Unnamed: 0,PostalCode,Borough,Neighbourhood
0,M1A,Not assigned,Not assigned
1,M2A,Not assigned,Not assigned
2,M3A,North York,Parkwoods
3,M4A,North York,Victoria Village
4,M5A,Downtown Toronto,"Regent Park, Harbourfront"
...,...,...,...
175,M5Z,Not assigned,Not assigned
176,M6Z,Not assigned,Not assigned
177,M7Z,Not assigned,Not assigned
178,M8Z,Etobicoke,"Mimico NW, The Queensway West, South of Bloor,..."


**Only process the cells that have an assigned borough.

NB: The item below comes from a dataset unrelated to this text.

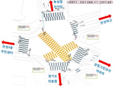 [충청뉴스큐] 안성시는 안전한 보행환경 조성과 보행자의 이동편의 증진을 위해 안성시 당왕동 477-22번지 일원 안성여고 앞 교차로에 대각선 횡단보도를 설치하여 오는 23일부터 운영한다고 밝혔다.

Ignore cells with a borough that is Not assigned.**

In [135]:
dfToronto['Borough'].replace('Not assigned', np.nan, inplace=True)
dfToronto.dropna(subset=['Borough'], inplace=True)
dfToronto.head()

Unnamed: 0,PostalCode,Borough,Neighbourhood
2,M3A,North York,Parkwoods
3,M4A,North York,Victoria Village
4,M5A,Downtown Toronto,"Regent Park, Harbourfront"
5,M6A,North York,"Lawrence Manor, Lawrence Heights"
6,M7A,Downtown Toronto,"Queen's Park, Ontario Provincial Government"


**Combine rows so that each row has a unique postal code.  Seperate multiple neighbourhoods with a comma**

In [136]:
dfToronto.groupby('PostalCode').agg({'Borough':'first','Neighbourhood': ', '.join}).reset_index()

Unnamed: 0,PostalCode,Borough,Neighbourhood
0,M1B,Scarborough,"Malvern, Rouge"
1,M1C,Scarborough,"Rouge Hill, Port Union, Highland Creek"
2,M1E,Scarborough,"Guildwood, Morningside, West Hill"
3,M1G,Scarborough,Woburn
4,M1H,Scarborough,Cedarbrae
...,...,...,...
98,M9N,York,Weston
99,M9P,Etobicoke,Westmount
100,M9R,Etobicoke,"Kingsview Village, St. Phillips, Martin Grove ..."
101,M9V,Etobicoke,"South Steeles, Silverstone, Humbergate, Jamest..."


**If a cell has a borough but a Not assigned neighborhood, then the neighborhood will be the same as the borough.**

In [137]:
# print(df.loc[df['Neighbourhood'] == 'Not assigned']) ... this shows that there are no 'Not assigned' values in Neighborhood

# But in case there were, this function replaces the neighbourhood not assigned value with the bourough value

dfToronto['Neighbourhood']=dfToronto['Borough'].where(dfToronto['Neighbourhood'].eq('Not assigned'),dfToronto['Neighbourhood'])
dfToronto.head()


Unnamed: 0,PostalCode,Borough,Neighbourhood
2,M3A,North York,Parkwoods
3,M4A,North York,Victoria Village
4,M5A,Downtown Toronto,"Regent Park, Harbourfront"
5,M6A,North York,"Lawrence Manor, Lawrence Heights"
6,M7A,Downtown Toronto,"Queen's Park, Ontario Provincial Government"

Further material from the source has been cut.